What the exercise asks:
Copy exactly, no pictures: every line from the one that contains "深圳晚報2019年10月04" through the end of the entries below.

-- Records for processing follows --

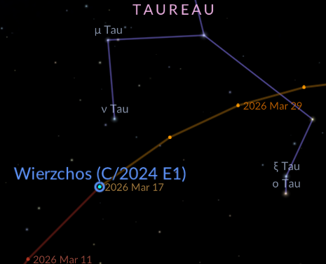 mardi 17: La comète C/2024 E1 Wierzchos passe au plus près de la Terre à 1,3 UA (200 millions de km) Elle sera visible au-dessus de l’horizon Sud à partir du 28 février quand elle sera à 15° de l’horizon
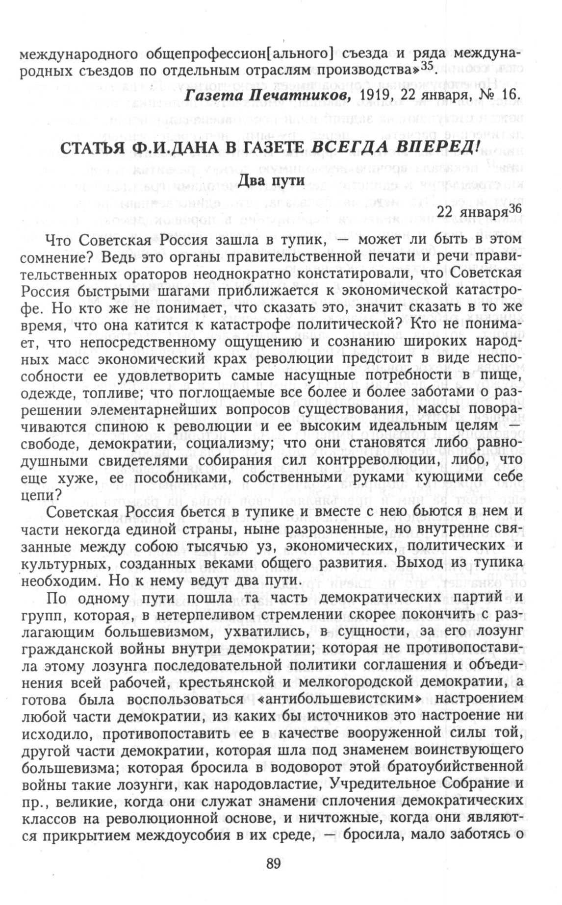 Главная Серия «Политические партии России. Конец XIX – первая треть ХХ века... Меньшевики в 1903—1931 гг. Меньшевики в большевистской России. 1918—1924. Меньшевики в 1919—19... Документы Статья Ф.И.Дана в газете Всегда Вперед! Два пути. 22 января
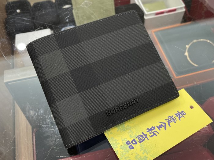 優寶購物《ubao.Tw》特貨品商城,黑貓宅配,取貨付款,☆最愛二手精品☆ BURBERRY 全新黑灰色格紋黑字 LOGO 8卡對開短夾皮夾男夾 8070273 XG5297 | Yahoo拍賣
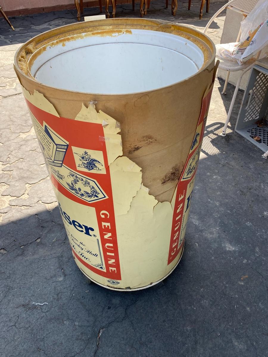 Vintage Budweiser Ice Chest Cooler Barrel Display Promo. Discolor and damage to the Budweiser plastic cover. Cooler part inside looks good other then dirty. Could be repurposed. Great for backyard parties. About 3' to 4' tall.
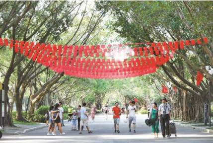 深圳晚報2019年10月04日訊 百花競艷紅旗飄,金秋鵬城節(jié)味濃。栩栩如生的“鳳凰飛羽”花帶沿著深南大道展翅欲飛;約500條城市道路上超10萬面國旗迎風(fēng)招展,化身紅色海洋;蓮花山公園、筆架山公園等22家市政公園變身繽紛花?!瓏鴳c游園,滿眼蒼翠、花團(tuán)錦簇、生機(jī)勃勃。深圳這座“千園之城”以熱烈、喜慶、祥和的面貌為市民帶來了歡愉和快樂。
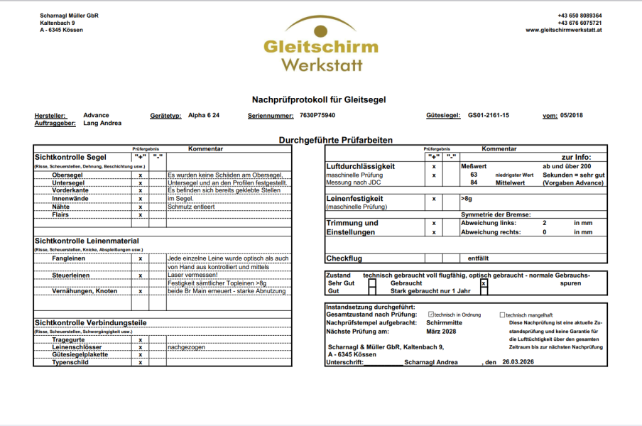 Bitte denkt daran! Luftsportgeräte müssen beim Betrieb in Deutschland mustergeprüft und stückgeprüft sei. Die Stückprüfung muss durch eine Kennzeichnung auf dem Gerät ersichtlich sein. Genaue Angaben zu dieser Kennzeichnung findet Ihr hier. |
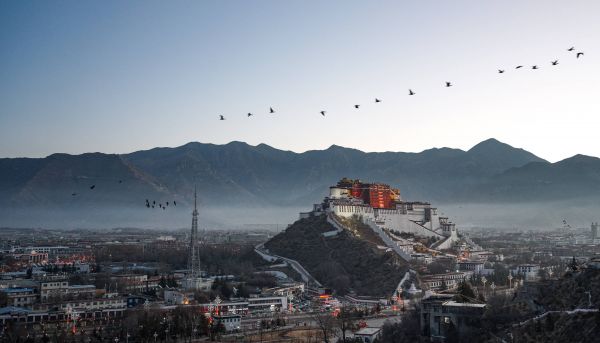 这是2月18日拍摄的新年晨光中的布达拉宫。 新华社记者 丁增尼达 摄
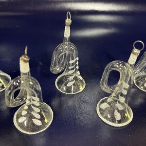 Rare VTG Lot Of 6 Hand- Blown Clear Glass French Horn Christmas Ornaments - D8
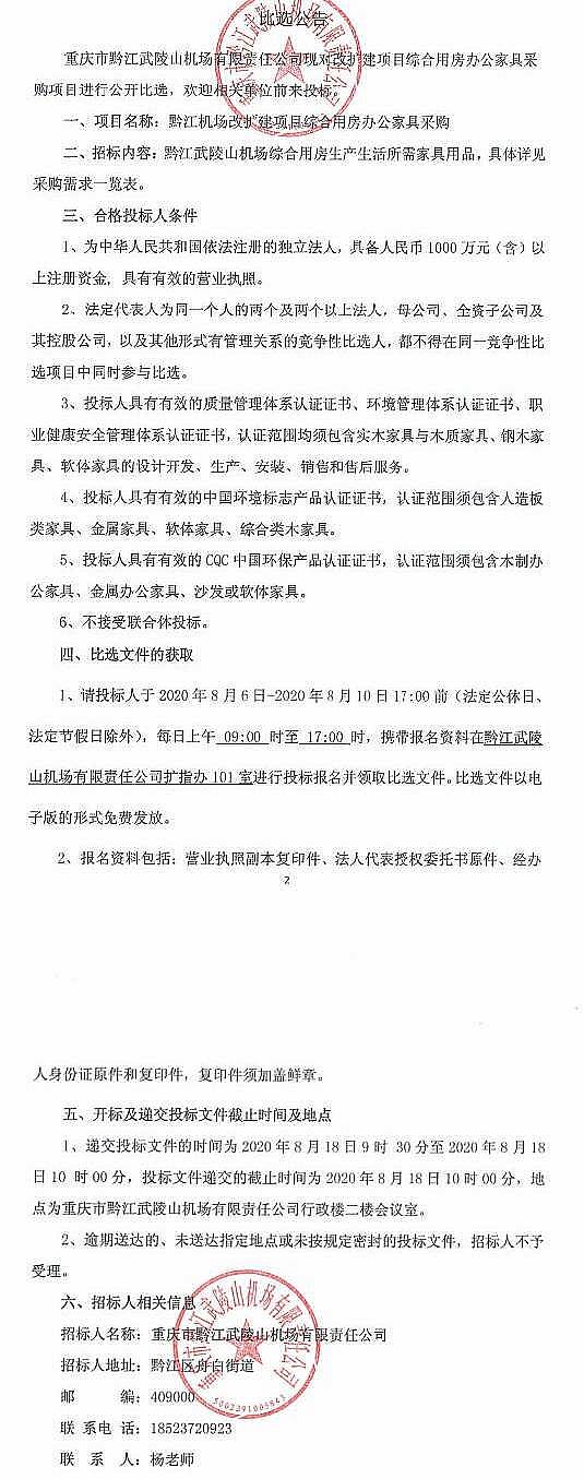 《重慶市黔江武陵山機場有限責任公司改擴建項目綜合用房家具采購項目公開比選公告》
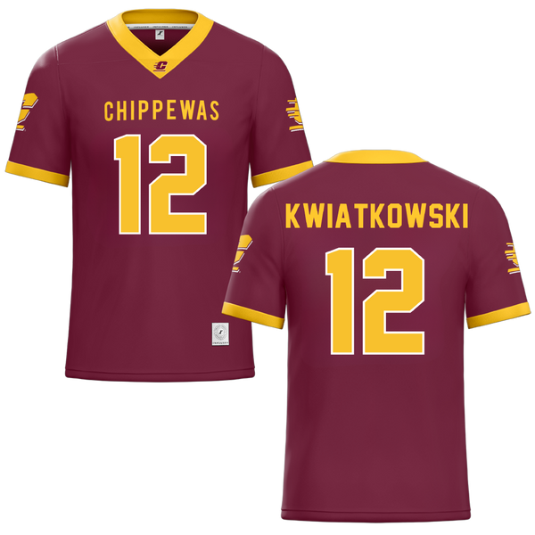 Central Michigan University Maroon Football Jersey - #12 Jordan Kwiatkowski
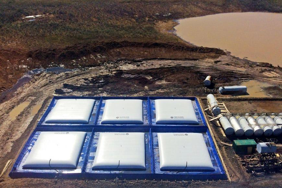 Размещение полимерных эластичных резервуаров предусматривается в пределах обвалования с гидроизоляционным полимерным покрытием дна и откосов, предназначенным для предотвращения фильтрации и локализации проливов хранимого продукта.
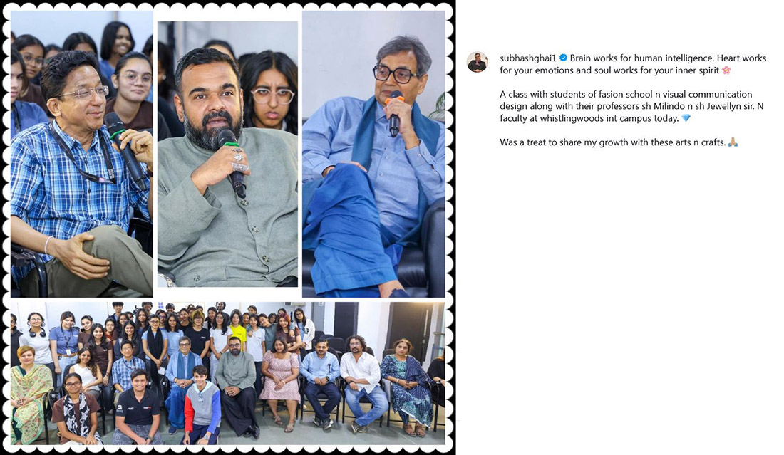 "Best of directors connecting to students of Whistling Woods International and sharing their experiences. Blessed." - Subhash Ghai

-- Records for processing concluded --

Answer section:
 深圳晚報2019年10月04日訊 百花競艷紅旗飄,金秋鵬城節(jié)味濃。栩栩如生的“鳳凰飛羽”花帶沿著深南大道展翅欲飛;約500條城市道路上超10萬面國旗迎風(fēng)招展,化身紅色海洋;蓮花山公園、筆架山公園等22家市政公園變身繽紛花?!瓏鴳c游園,滿眼蒼翠、花團(tuán)錦簇、生機(jī)勃勃。深圳這座“千園之城”以熱烈、喜慶、祥和的面貌為市民帶來了歡愉和快樂。
 Bitte denkt daran! Luftsportgeräte müssen beim Betrieb in Deutschland mustergeprüft und stückgeprüft sei. Die Stückprüfung muss durch eine Kennzeichnung auf dem Gerät ersichtlich sein. Genaue Angaben zu dieser Kennzeichnung findet Ihr hier. |
 这是2月18日拍摄的新年晨光中的布达拉宫。 新华社记者 丁增尼达 摄
 Rare VTG Lot Of 6 Hand- Blown Clear Glass French Horn Christmas Ornaments - D8
 《重慶市黔江武陵山機場有限責任公司改擴建項目綜合用房家具采購項目公開比選公告》
 Central Michigan University Maroon Football Jersey - #12 Jordan Kwiatkowski
 Размещение полимерных эластичных резервуаров предусматривается в пределах обвалования с гидроизоляционным полимерным покрытием дна и откосов, предназначенным для предотвращения фильтрации и локализации проливов хранимого продукта.
 "Best of directors connecting to students of Whistling Woods International and sharing their experiences. Blessed." - Subhash Ghai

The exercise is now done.